### Exercise brief
Copy all records exactly, excluding images.

### Input records
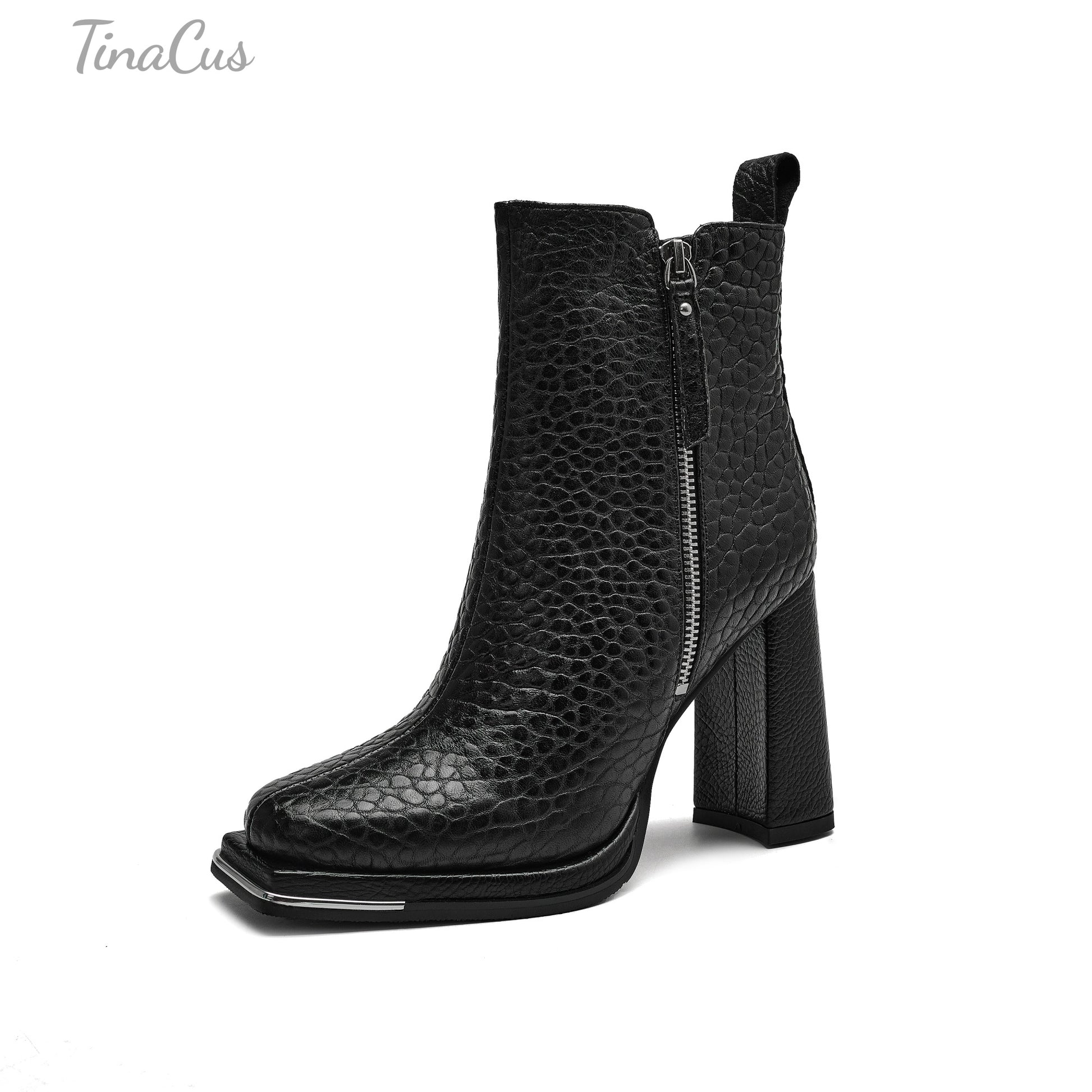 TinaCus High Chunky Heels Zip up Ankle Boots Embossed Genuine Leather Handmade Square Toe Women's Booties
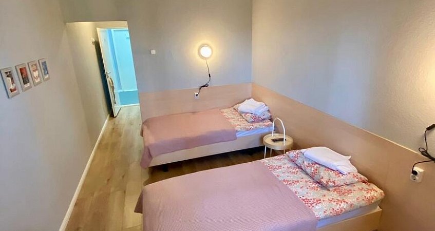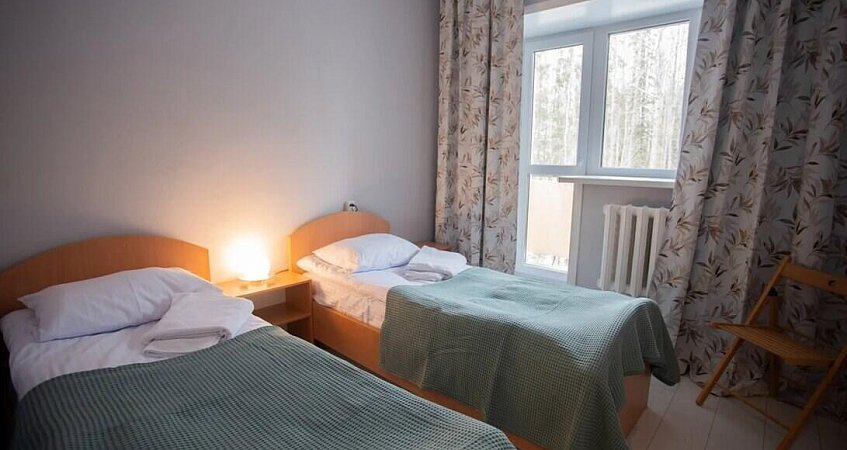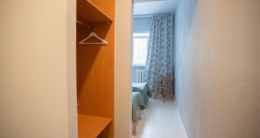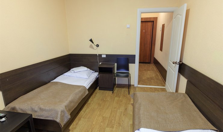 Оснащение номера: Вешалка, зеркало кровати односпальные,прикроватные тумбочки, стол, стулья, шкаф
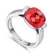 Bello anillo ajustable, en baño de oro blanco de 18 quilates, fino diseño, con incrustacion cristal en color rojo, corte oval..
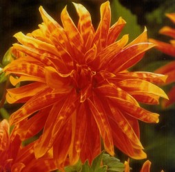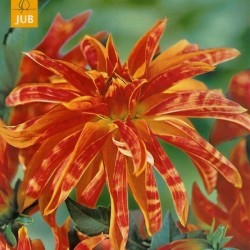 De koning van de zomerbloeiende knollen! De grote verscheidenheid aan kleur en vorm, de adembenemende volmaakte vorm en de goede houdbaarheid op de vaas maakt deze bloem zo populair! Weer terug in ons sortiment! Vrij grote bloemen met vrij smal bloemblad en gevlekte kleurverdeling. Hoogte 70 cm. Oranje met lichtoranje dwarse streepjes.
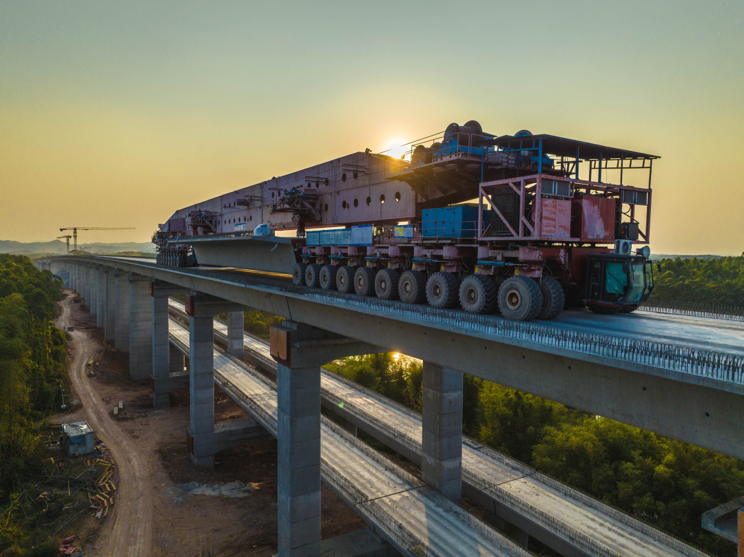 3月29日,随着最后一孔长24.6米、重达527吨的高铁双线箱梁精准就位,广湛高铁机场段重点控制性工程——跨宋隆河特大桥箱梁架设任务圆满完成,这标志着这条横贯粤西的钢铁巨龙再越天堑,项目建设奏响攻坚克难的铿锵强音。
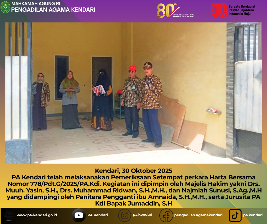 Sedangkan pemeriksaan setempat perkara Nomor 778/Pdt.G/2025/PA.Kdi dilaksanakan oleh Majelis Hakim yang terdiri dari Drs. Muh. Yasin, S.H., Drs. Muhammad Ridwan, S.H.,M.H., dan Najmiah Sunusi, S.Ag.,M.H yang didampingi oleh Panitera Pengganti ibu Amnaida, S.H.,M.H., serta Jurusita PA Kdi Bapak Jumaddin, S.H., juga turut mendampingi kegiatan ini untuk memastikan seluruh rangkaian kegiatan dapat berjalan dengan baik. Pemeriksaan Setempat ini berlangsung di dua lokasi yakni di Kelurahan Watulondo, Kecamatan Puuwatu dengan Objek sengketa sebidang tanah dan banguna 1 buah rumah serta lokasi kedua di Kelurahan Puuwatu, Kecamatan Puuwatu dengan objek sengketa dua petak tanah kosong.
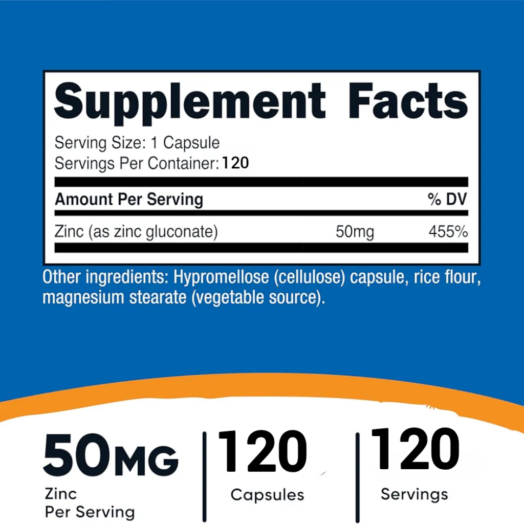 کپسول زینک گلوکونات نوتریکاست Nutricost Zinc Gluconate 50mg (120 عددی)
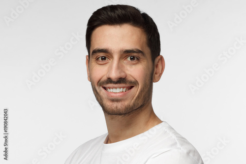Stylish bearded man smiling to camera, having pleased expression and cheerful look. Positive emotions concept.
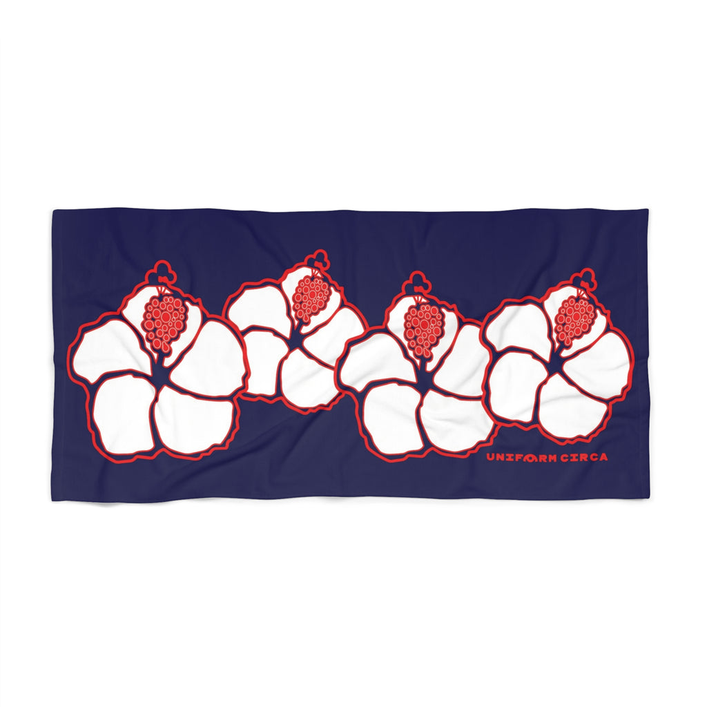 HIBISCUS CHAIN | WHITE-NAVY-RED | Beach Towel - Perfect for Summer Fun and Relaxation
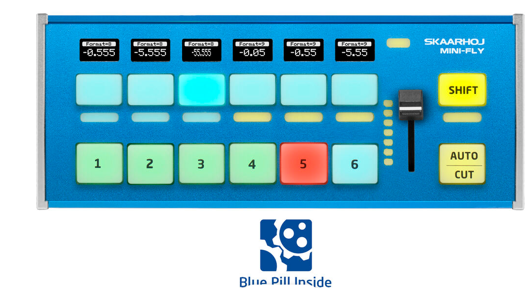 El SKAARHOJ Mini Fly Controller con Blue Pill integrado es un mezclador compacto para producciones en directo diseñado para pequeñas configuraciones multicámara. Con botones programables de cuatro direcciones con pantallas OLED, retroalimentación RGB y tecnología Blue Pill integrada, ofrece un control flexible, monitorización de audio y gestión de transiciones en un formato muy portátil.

### Solved exercise
 TinaCus High Chunky Heels Zip up Ankle Boots Embossed Genuine Leather Handmade Square Toe Women's Booties
 Оснащение номера: Вешалка, зеркало кровати односпальные,прикроватные тумбочки, стол, стулья, шкаф
 Bello anillo ajustable, en baño de oro blanco de 18 quilates, fino diseño, con incrustacion cristal en color rojo, corte oval..
 De koning van de zomerbloeiende knollen! De grote verscheidenheid aan kleur en vorm, de adembenemende volmaakte vorm en de goede houdbaarheid op de vaas maakt deze bloem zo populair! Weer terug in ons sortiment! Vrij grote bloemen met vrij smal bloemblad en gevlekte kleurverdeling. Hoogte 70 cm. Oranje met lichtoranje dwarse streepjes.
 3月29日,随着最后一孔长24.6米、重达527吨的高铁双线箱梁精准就位,广湛高铁机场段重点控制性工程——跨宋隆河特大桥箱梁架设任务圆满完成,这标志着这条横贯粤西的钢铁巨龙再越天堑,项目建设奏响攻坚克难的铿锵强音。
 Sedangkan pemeriksaan setempat perkara Nomor 778/Pdt.G/2025/PA.Kdi dilaksanakan oleh Majelis Hakim yang terdiri dari Drs. Muh. Yasin, S.H., Drs. Muhammad Ridwan, S.H.,M.H., dan Najmiah Sunusi, S.Ag.,M.H yang didampingi oleh Panitera Pengganti ibu Amnaida, S.H.,M.H., serta Jurusita PA Kdi Bapak Jumaddin, S.H., juga turut mendampingi kegiatan ini untuk memastikan seluruh rangkaian kegiatan dapat berjalan dengan baik. Pemeriksaan Setempat ini berlangsung di dua lokasi yakni di Kelurahan Watulondo, Kecamatan Puuwatu dengan Objek sengketa sebidang tanah dan banguna 1 buah rumah serta lokasi kedua di Kelurahan Puuwatu, Kecamatan Puuwatu dengan objek sengketa dua petak tanah kosong.
 کپسول زینک گلوکونات نوتریکاست Nutricost Zinc Gluconate 50mg (120 عددی)
Stylish bearded man smiling to camera, having pleased expression and cheerful look. Positive emotions concept.
 HIBISCUS CHAIN | WHITE-NAVY-RED | Beach Towel - Perfect for Summer Fun and Relaxation
 El SKAARHOJ Mini Fly Controller con Blue Pill integrado es un mezclador compacto para producciones en directo diseñado para pequeñas configuraciones multicámara. Con botones programables de cuatro direcciones con pantallas OLED, retroalimentación RGB y tecnología Blue Pill integrada, ofrece un control flexible, monitorización de audio y gestión de transiciones en un formato muy portátil.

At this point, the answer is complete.